Fundada em Paris em 21 de maio de 1904, a FIFA – Federação Internacional de Futebol é a associação que dirige as associações de futsal, futebol de areia ou futebol de praia e futebol, “esporte bretão”, assim chamado, visto a criação de suas regras, sua organização e prática terem sido feitas na Grã-Bretanha, em 1863 e que perduram até hoje.

Jules Rimet criou e organizou a primeira Copa do Mundo de Futebol em 1928, após a reconstrução da Europa, destruída pela Primeira Guerra Mundial – 1914 a 1918 e que tinha como objetivo unir os povos dos dois hemisférios em torno do esporte. A previsão era que a copa acontecesse a cada quatro anos, o que também não aconteceu em 1942 nem em 1945 por causa da Segunda Guerra Mundial -1936 a 1945.

Foram os ingleses que alastraram internacionalmente esse esporte, principalmente pelos marinheiros a bordo dos navios da marinha britânica. Esporte de elite de jovens de nível social-econômico privilegiado. No entanto, contagiou de tal forma os jovens brasileiros, que se expandiu por várias cidades do Brasil. Tornou-se uma modalidade esportiva popular do mundo e disputada por todos que têm aptidão e capacidade de praticá-lo.

Até o momento, o Brasil é o único país que participou de todas as edições da Copa do Mundo e já foi cinco vezes campeão, mas além de um jogo, a copa é também uma ocasião de diálogo, de compreensão e enriquecimento humano, uma “cultura do encontro” e respeito ao outro.

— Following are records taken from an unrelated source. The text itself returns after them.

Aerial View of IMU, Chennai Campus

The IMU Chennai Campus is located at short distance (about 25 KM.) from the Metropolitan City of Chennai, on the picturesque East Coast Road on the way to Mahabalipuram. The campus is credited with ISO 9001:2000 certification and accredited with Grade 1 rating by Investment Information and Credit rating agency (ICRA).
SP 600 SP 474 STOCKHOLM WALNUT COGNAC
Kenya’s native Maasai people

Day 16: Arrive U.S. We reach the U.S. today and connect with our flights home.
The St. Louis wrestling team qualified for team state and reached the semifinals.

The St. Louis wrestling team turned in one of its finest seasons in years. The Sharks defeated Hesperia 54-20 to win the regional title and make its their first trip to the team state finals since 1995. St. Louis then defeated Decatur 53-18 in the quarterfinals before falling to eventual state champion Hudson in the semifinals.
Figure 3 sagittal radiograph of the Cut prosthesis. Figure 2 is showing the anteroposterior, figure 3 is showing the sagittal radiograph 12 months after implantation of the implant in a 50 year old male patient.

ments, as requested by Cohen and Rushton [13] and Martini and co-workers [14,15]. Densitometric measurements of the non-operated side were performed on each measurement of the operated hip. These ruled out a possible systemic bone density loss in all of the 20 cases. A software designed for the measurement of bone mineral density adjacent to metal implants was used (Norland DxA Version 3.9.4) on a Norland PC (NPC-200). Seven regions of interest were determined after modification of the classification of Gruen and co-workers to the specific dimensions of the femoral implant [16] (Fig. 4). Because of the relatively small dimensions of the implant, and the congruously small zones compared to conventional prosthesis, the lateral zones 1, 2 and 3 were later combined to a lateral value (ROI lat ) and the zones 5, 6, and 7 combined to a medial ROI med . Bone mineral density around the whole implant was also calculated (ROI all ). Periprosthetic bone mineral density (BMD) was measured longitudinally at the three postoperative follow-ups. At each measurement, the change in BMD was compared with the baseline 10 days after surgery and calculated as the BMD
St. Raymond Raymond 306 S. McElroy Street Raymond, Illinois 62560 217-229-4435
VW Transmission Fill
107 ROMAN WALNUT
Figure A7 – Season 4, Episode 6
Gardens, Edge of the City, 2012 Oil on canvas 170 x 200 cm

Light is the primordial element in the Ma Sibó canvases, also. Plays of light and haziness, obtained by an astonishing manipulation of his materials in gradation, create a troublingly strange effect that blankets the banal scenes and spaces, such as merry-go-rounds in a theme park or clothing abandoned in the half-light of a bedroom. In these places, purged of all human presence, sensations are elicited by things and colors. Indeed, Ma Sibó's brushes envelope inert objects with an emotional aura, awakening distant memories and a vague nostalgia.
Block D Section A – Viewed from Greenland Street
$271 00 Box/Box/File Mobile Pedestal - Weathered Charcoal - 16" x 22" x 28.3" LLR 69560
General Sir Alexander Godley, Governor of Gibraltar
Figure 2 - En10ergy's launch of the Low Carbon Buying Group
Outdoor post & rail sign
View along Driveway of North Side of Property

Até nos meios intelectuais existe a literatura quando o tema é o futebol, assunto debatido na Academia Brasileira de Letras, no seminário “Brasil, Brasis”.

Carlos Drummond de Andrade homenageia Garrincha, com as pernas tortas em uma crônica “Vai brincar, pois para isso nasceste”. Nas crônicas de Nelson Rodrigues encontramos frases como “Quem paga e quem perde as partidas é a alma”, “a arbitragem normal e honesta confere às partidas um tédio profundo, uma mediocridade irremediável”. José Lins do Rego, no livro “Flamengo é puro amor”, (Editora José Olympio) e dentre tantos outros, o poeta Paulo Mendes Campos, no seu “O gol é necessário”, (Editora Civilização Brasileira).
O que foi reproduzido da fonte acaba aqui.